We all know the saying, “pulling yourself up by your bootstraps”. It means that you improve your situation by your own efforts. It is lauded; if you pull yourself up by your bootstraps (your shoe laces), that is a good thing. You are hardworking and you persevere. It is the definitive expression of American self-reliance and individualism.
It is also impossible to do.
That’s what a new report tells us about working families in Maine trying to earn a decent living. It’s near impossible given the wages many big companies pay their workers.
The Maine People’s Alliance (MPA) released the report, Broken Bootstraps: Falling Behind on Full Time Work, at a February 27 state house press conference. The Alliance for a Just Society, of which MPA is a member, prepared the report.
The report puts the spotlight on Mainers’ wages. In Maine today, 90 percent of all jobs pay less than the amount minimally needed to support a family of four.
By this, I mean the cost to pay for: food, housing and utilities, transportation, health care, child care, household, clothing, and personal items, savings, and state and federal taxes. There are no frills here.
According to the report, to pay for these simple items just for him or herself, a worker in Maine would need to earn $15.40 per hour. Barely half (53%) of Maine jobs pays this much. The living wage for a single adult with two children is $28.92 an hour. Only one in five jobs in Maine pays this much.
These low-wage-paying companies are not small businesses, but our largest corporations like Wal-Mart, McDonald’s, and Macy’s. Sixty-six (66) percent of low-wage workers are employed by companies with more than 100 employees. The vast majority of these companies are lucrative (meaning they were profitable in the last three years and are earning more now than they did before the recession hit).

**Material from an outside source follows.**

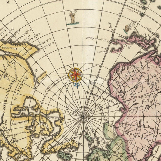 Ancient map of Newest description of the Arctic Pole and surrounding lands, 1636
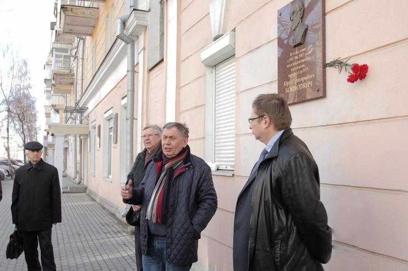 22 марта по адресу: ул. Театральная, д. 19 состоялось торжественное открытие мемориальной доски профессору Воронежского государственного университета Юрию Борисовичу. В «профессорском» доме на Театральной Юрий Борисович жил с 1957 года по 2007 год.

The top, low-wage employer, Wal-Mart, has 1,400,000 employees nationwide. Last year Wal-Mart paid its workers on average less than $10 per hour while the company’s highest paid executive took home $18 million.
And these are the same companies that get tax breaks and subsidies. The state of Maine has provided three Wal-Mart locations here subsidies worth about $22.2 million.

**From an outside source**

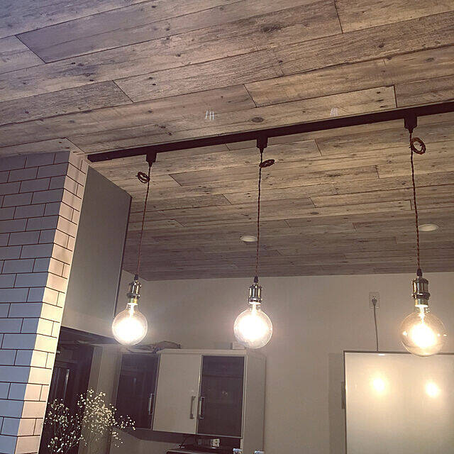 yusoitoさんは、ホワイトのランプシェードをセレクト。カフェ風インテリアにぴったりなナチュラルな色味で、洗練されたシンプルなデザインです。同じくホワイトのソケットの電球を一緒に吊るしているのも、統一感が出ていいですね。

For too many hardworking Mainers, their bootstraps are broken. The companies where they work do not pay a fair wage, let alone health insurance. They cannot rely on publicly-funded health insurance because the governor has turned his back on 100% federal funding already set aside to expand healthcare in Maine. They have no one to care for their children while they work because the governor and legislature cut Head Start and Maine’s childcare subsidy program. They also pay more in state and local taxes than their employers.
Mainers deserve better. All they ask for is a fair shake and a fair share in their employer’s prosperity. They simply need public policies that strengthen their bootstraps so that they can make ends meet.